• PROBLEM DETAILS
Give the records back exactly as written, but without the images.

• SUPPLIED INFORMATION
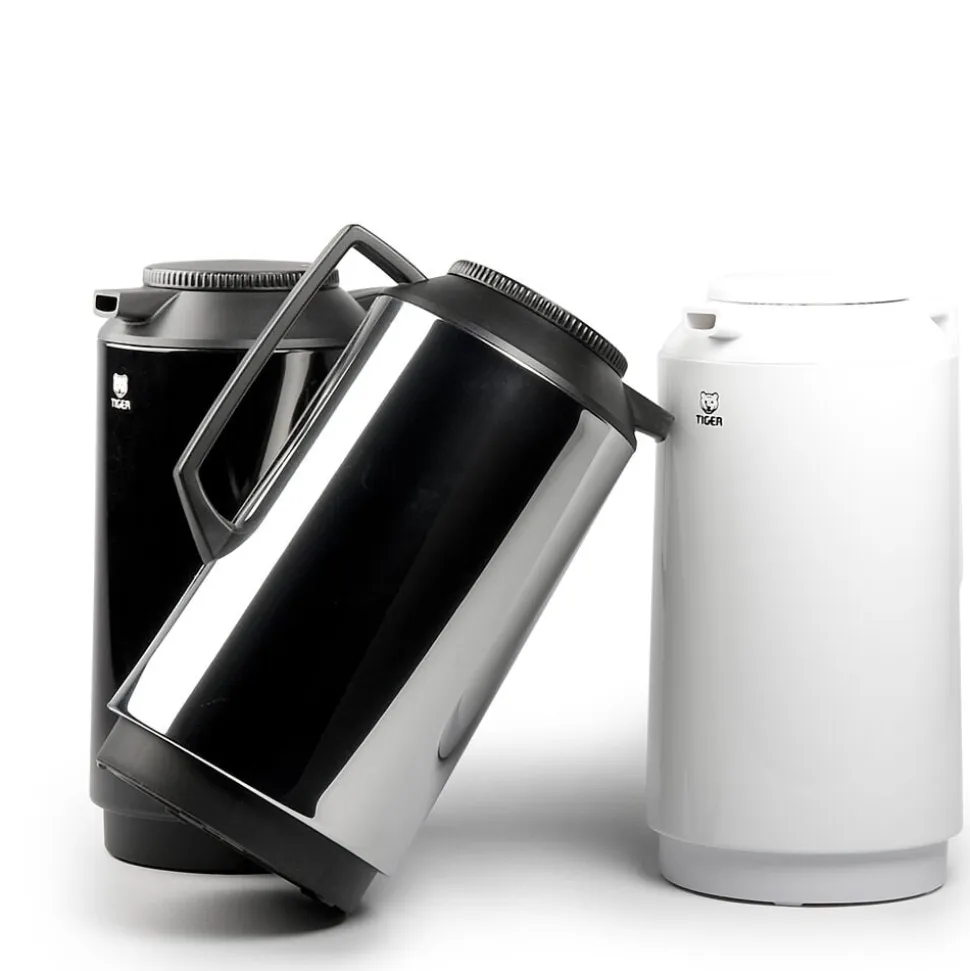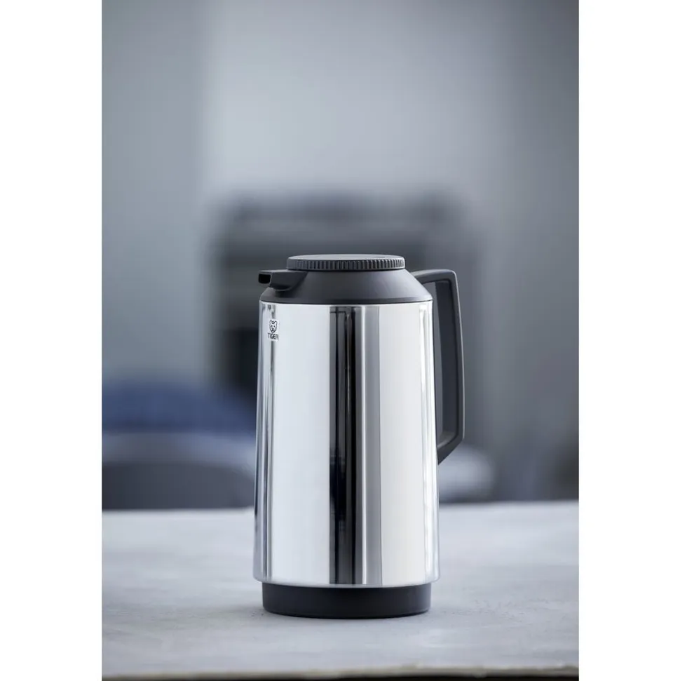 Termokanden fra Tiger er med sit enkle, klassiske design den perfekte termokande og lige velegnet til kolde og varme drikke. Kanden har glasindsats, rummer 1 liter og åbnes og lukkes ved at dreje på låget. Krom.
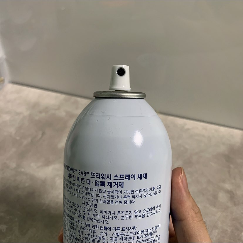 - 비비거나 문지르지 말고 스프레이 액이 의류에 스며들도록 약 11분가량 기다린 후 본 세탁하십시오..
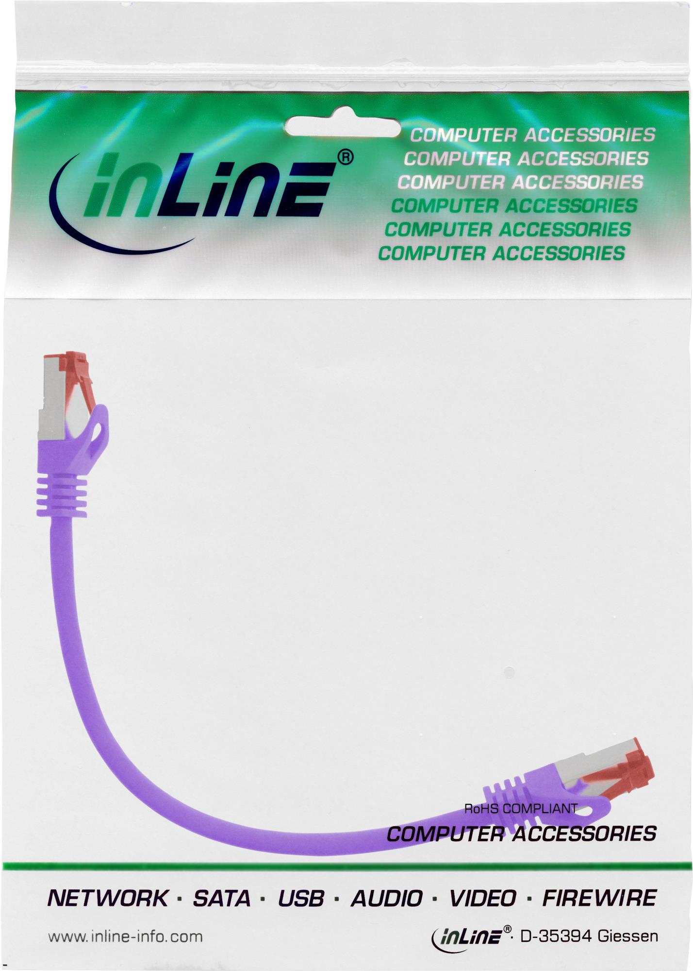 InLine® Patchkabel, S/FTP (PiMf), Cat.6, purple, 0,3m (76433P)
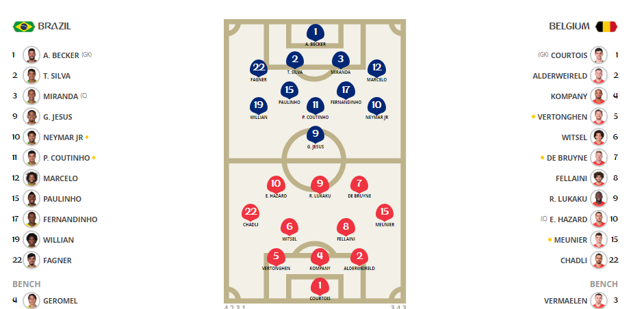 Бразилия: Алиссон - защита Фагнер, Тиаго Силва, Миранда, Марсело - полузащита Фернандиньо, Паулиньо - Виллиан, Филиппе Коутиньо, Неймар - нападающий Габриэл Жезус
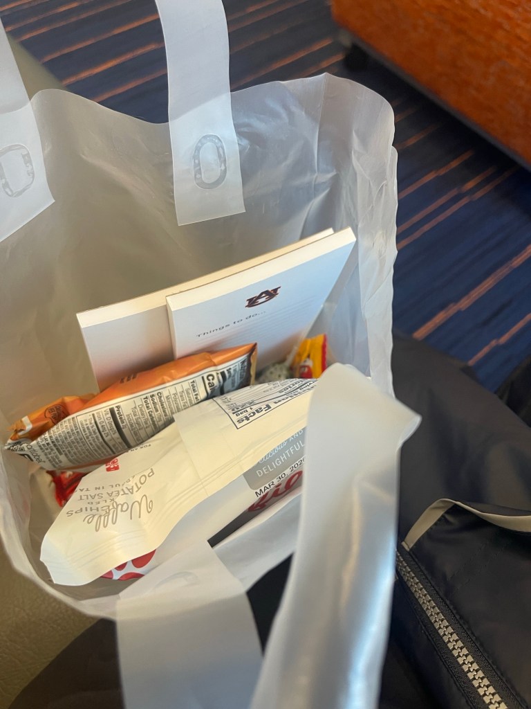 My colleagues and I attended a holiday lunch in another building. They handed each of us a goody bag and a very lovely rain jacket embroidered with the Auburn logo and our department name.
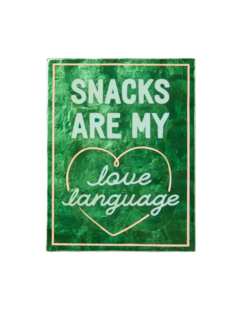Snacks are a love language, and this snack quote tile makes it official. Crafted from glossy capiz shell and painted in rich green with a pretty pink heart, it's a cheeky addition to your kitchen, pantry or snack zone Makes a super fun gift.

• RESULT OF THE EXERCISE
 Termokanden fra Tiger er med sit enkle, klassiske design den perfekte termokande og lige velegnet til kolde og varme drikke. Kanden har glasindsats, rummer 1 liter og åbnes og lukkes ved at dreje på låget. Krom.
 - 비비거나 문지르지 말고 스프레이 액이 의류에 스며들도록 약 11분가량 기다린 후 본 세탁하십시오..
 InLine® Patchkabel, S/FTP (PiMf), Cat.6, purple, 0,3m (76433P)
 Бразилия: Алиссон - защита Фагнер, Тиаго Силва, Миранда, Марсело - полузащита Фернандиньо, Паулиньо - Виллиан, Филиппе Коутиньо, Неймар - нападающий Габриэл Жезус
 My colleagues and I attended a holiday lunch in another building. They handed each of us a goody bag and a very lovely rain jacket embroidered with the Auburn logo and our department name.
Snacks are a love language, and this snack quote tile makes it official. Crafted from glossy capiz shell and painted in rich green with a pretty pink heart, it's a cheeky addition to your kitchen, pantry or snack zone Makes a super fun gift.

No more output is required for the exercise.